Aaron Beck, M.D., the father of cognitive-behavioral therapy.
“We are what we are because we have been what we have been, and what is needed for solving the problems of human life and motives is not moral estimates but more knowledge.” – Sigmund Freud

Robotics has already been introduced in the field of surgery. It is surmisable that in the not-so-distant future, a robot alone might complete an operation. But could you imagine a robot in the field of psychiatry or psychotherapy? In many ways, being robotic is the opposite of what makes for good therapy.

Yet, we teach our young psychiatrists and psychotherapists to act like “robots” in diagnosing and administering a “treatment plan,” following so-called “evidence-based” therapy manuals to guide treatment. Their patients may seem to get “better,” but usually not for long. Structured, manualized treatment may work in surgery, but, in my opinion, it has no place in psychiatry.

As a psychoanalyst, I have a theoretical disagreement with psychotherapeutic formulations that seek to maximize structure and direction at the expense of autonomy, introspection, and self-exploration. I have found that this preference is shared by a great number of patients seeking psychotherapy. Most have more of an interest in being understood and understanding themselves than in being told what to do or think.

Yet, many therapists begin their work by applying a psychiatric diagnosis and then selecting a “modality” from their repertoire of distinct psychotherapies. This is akin to a physician identifying a lesion and then selecting from a range of medical procedures to ameliorate it. While this approach might work for the patient with a tumor or aortic aneurysm, it doesn’t fit as neatly for the depressed or traumatized patient struggling with deep feelings of guilt and shame. There is no algorithm, no formula, no manual that can begin to account for the complexities and differences of individual human beings.

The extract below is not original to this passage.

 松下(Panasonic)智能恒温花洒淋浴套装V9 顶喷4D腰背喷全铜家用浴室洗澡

At its core, this mode of practicing psychotherapy—giving a diagnosis and then selecting from a preset variety of interventions—represents the medicalization of the art of psychotherapy. Needless to say, most psychotherapy interventions arrived at via this process are directive ones—cognitive, behavioral, cognitive-behavioral, dialectical behavioral, etc. The consequences of this medicalization are numerous and include, most significantly, an emphasis on observable “symptoms” rather than on their idiosyncratic, symbolic meaning. Patients are taught their symptoms are mere manifestations of underlying diseases, discounting them of any meaning or importance.

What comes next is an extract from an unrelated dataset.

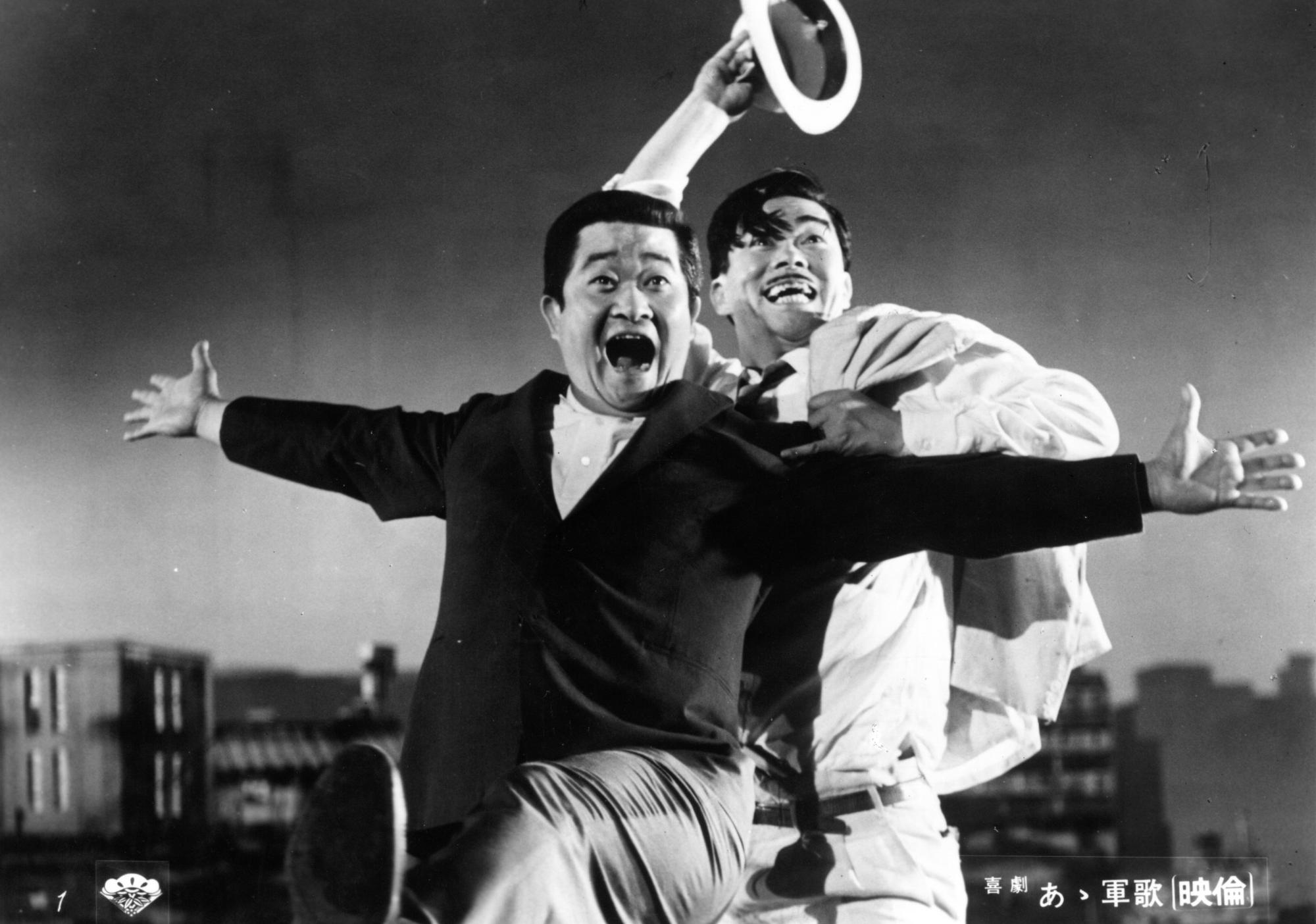 戦争中、精神障害の真似をしてわざと野戦病院に入り、死を逃れた二人の男は、その後、戦没者をまつる神社へ遺族を案内する怪しげな観光ガイドとして暮らしていた。その男たちのもとへお婆さん、未亡人、少女、ヒッピー風の男が次々と迷い込んでくる奇妙な生活を描いたこの作品は、1960年代以降の松竹喜劇を支えた前田陽一監督の代表作である。そこに息づく屈折した批判精神には師匠の渋谷実監督の影響も垣間見える。その作風について、主演のフランキー堺は、「旅行」シリーズの瀬川昌治監督の「軽喜劇」に対する、前田作品の「重喜劇性」と説明して敬意を表した。劇中の所々に軍歌が挿入されて作品のリズムを築いているが、この映画で「歌」が作品の血肉となっているように、前田監督は歌謡映画にも定評があり、『進め! ジャガーズ 敵前上陸』(1968)などのヒット作を送り出した。

It is now being shown that these directive approaches to psychotherapy may be less effective than previously believed, and that the time-honored psychoanalytic approach may be more effective for many types of patients (Steinert, Munder, Rabung, Hoyer, & Leichsenring, 2017).

What is called psychotherapy, of course, is little more than human conversation bound by certain expectations or promises, the most important being privacy of communication. Attempts to explain psychotherapy as a medical “treatment” using neurobiological terms—for instance, trying to explain how psychotherapy may affect the brain—are needlessly reductionistic and contribute to the progressive medicalization of the field. There is no reason to turn to brain science to justify what we have known for thousands of years: conversation bound by certain rules can be a helpful and worthwhile endeavor.

An ethical psychotherapy seeks to support and expand the patient’s personal freedom and self-determination. The therapist should have no interest in controlling the patient, giving advice, or instructing the patient to behave in any particular way. Since the single defining feature of all mental illness is a loss of a sense of control, psychotherapy should focus on reestablishing and expanding the patient’s autonomy and individual responsibility. This approach was first outlined by the psychiatrist Thomas Szasz in his 1965 book The Ethics of Psychoanalysis, and it represents, perhaps, the most significant contribution to the psychoanalytic literature since Freud.

The problem with manualized, directive psychotherapy is that it does just the opposite. It unnecessarily restricts the autonomy of patients in the name of helping them, and in the process, may be doing more harm than good.


Steinert, C., Munder, T., Rabung, S., Hoyer, J., & Leichsenring, F. (2017). Psychodynamic therapy: As efficacious as other empirically supported treatments? A meta-analysis testing equivalence of outcomes. American Journal of Psychiatry. Advance online publication.

Szasz, T. S. (1965). The ethics of psychoanalysis: The theory and method of autonomous psychotherapy. New York: Basic Books.